Writing this function in terms of `map` can make it absolutely trivial to parallelize:

``````# sequential - has the same performance as sequenceCosine, 0.7 s for row-major arrays
function sequenceCosine3(X_sub, X)
map(Iterators.product(eachrow(X_sub), eachrow(X))) do (i, j)
cosine_dist(i, j)
end
end

# parallel - 0.26 s for me
function parallelCosine3(X_sub, X)
cosine_dist(i, j)
end
end
``````
4 Likes

Very nice solution! Put into my test bench and got

``````  2.740 s (2 allocations: 61.04 MiB)
590.554 ms (20033 allocations: 124.51 MiB)
``````

for

``````@btime result = sequenceCosine(\$X_sub, \$X);
@btime result = parallelCosine(\$X_sub, \$X);
``````

and

``````  616.712 ms (2 allocations: 61.04 MiB)
186.552 ms (4185 allocations: 320.18 MiB)
``````

for

``````X_sub_r = PermutedDimsArray(permutedims(X_sub), (2, 1))
X_r = PermutedDimsArray(permutedims(X), (2, 1))

@btime result = sequenceCosine(\$X_sub_r, \$X_r);
@btime result = parallelCosine(\$X_sub_r, \$X_r);
``````

Hello @aplavin ,

I was reading your post and noticed that you mentioned the row major operation is more performant than column major. Shouldn’t be vice versa ?

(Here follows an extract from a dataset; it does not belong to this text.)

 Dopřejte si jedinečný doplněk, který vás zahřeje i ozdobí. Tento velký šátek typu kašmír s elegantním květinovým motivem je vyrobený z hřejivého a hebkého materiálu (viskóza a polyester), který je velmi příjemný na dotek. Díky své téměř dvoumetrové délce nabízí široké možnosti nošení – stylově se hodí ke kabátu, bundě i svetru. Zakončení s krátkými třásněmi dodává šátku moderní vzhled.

The ` PermuteDimsArray` with ` permutedims(X)` gives the same result as the original matrix.

``````using Test
X = rand(10, 20);
X_r = PermuteDimsArray(permutedims(X), (2, 1))

@test X == X_r # gives true

``````

Could not catch the point. Could you please explain ?

B.R.

I can’t believe I missed that you were working row major, that’s of course an important difference.

This

is a somewhat obscure way of making `X_r` into a row major array. `permutedims` transposes `X`, and `PermureDimsArray` transposes it back again, except lazily. So `X_r` is now the same as `X` except it’s row major, leading to a significant speedup.

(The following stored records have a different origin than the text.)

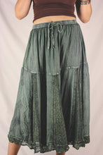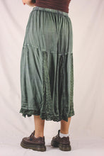 Super kaunis vihreä keijuhame, jossa läpikuultavia pitsisiä osioita! Vyötäröllä kuminauha ja sidottavat nauhat. Vuoreton. Täydellinen kerrospukeutumiseen! Käyttäjän pituudesta riippuen joko midi tai maksi.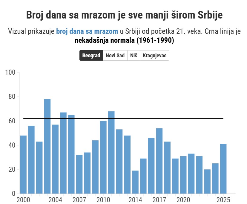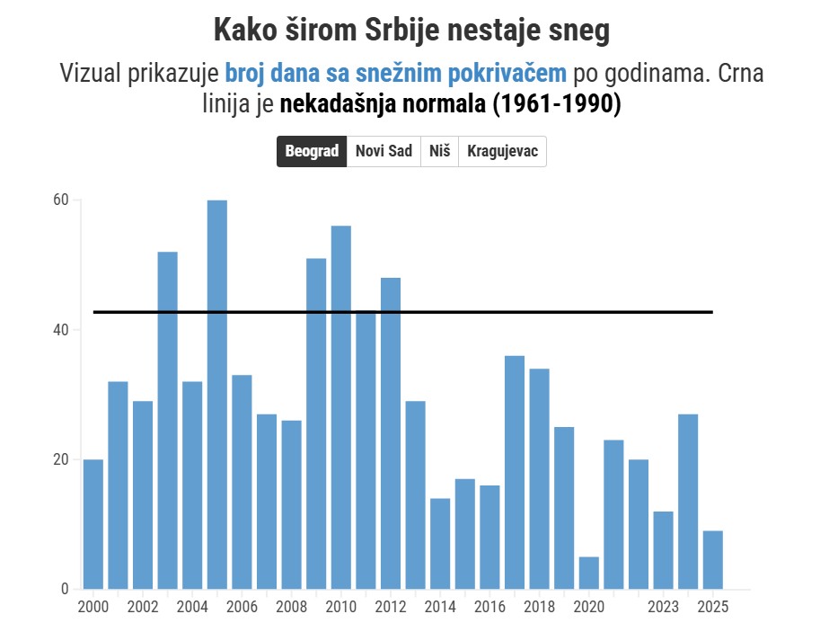Sneg je na sličan način prošle godine bio izostao i u drugim gradovima. U Kragujevcu je najviši zabeleženi snežni pokrivač takođe bio 3 centimetra, a u Novom Sadu samo dva. U Nišu, gde februara 2025. jeste bilo palo 10 cm snega, svejedno je broj dana sa snežnim pokrivačem bio daleko ispod proseka: bilo ih je samo 13 tokom 2025. godine, u odnosu na normalu koja je nekada takođe bila preko 40.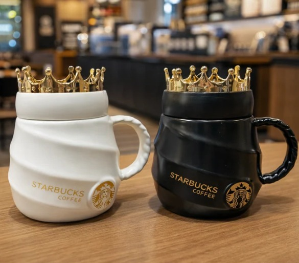 Taza decorativa con detalle distintivo en la tapa. Ideal para sumar estilo a tus momentos de café. Color: Blanco / negro
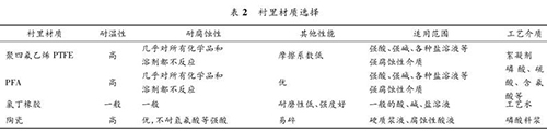 防腐型電磁流量計(jì)要根據(jù)被測流體的溫度、壓力、速度以及含固顆粒的硬度、含量和粒徑大小來決定測量管內(nèi)襯的材質(zhì)。該濕法磷酸裝置中,防腐型電磁流量計(jì)測量管襯里材質(zhì)的種類見表 2。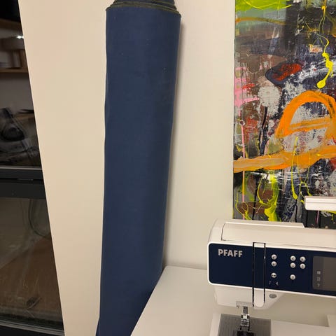 Blå/blå stofrulle i tekstilmateriale. Stoffet er blødt og egnet til beklædning eller indretning. Rullen er delvist udfoldet og viser stoffets overfladestruktur.

But for you, @kadir-gunel, it would be better if you organize your problem so that the matrices hold the interesting data along their columns in the first place. Then you can rewrite the function to work along columns.

3 Likes

And, in case this isn’t clear, your code works along rows, therefore working on a row-major array is more efficient than on one that is column-major

1 Like

Yes, my bad. Thank you for clarification.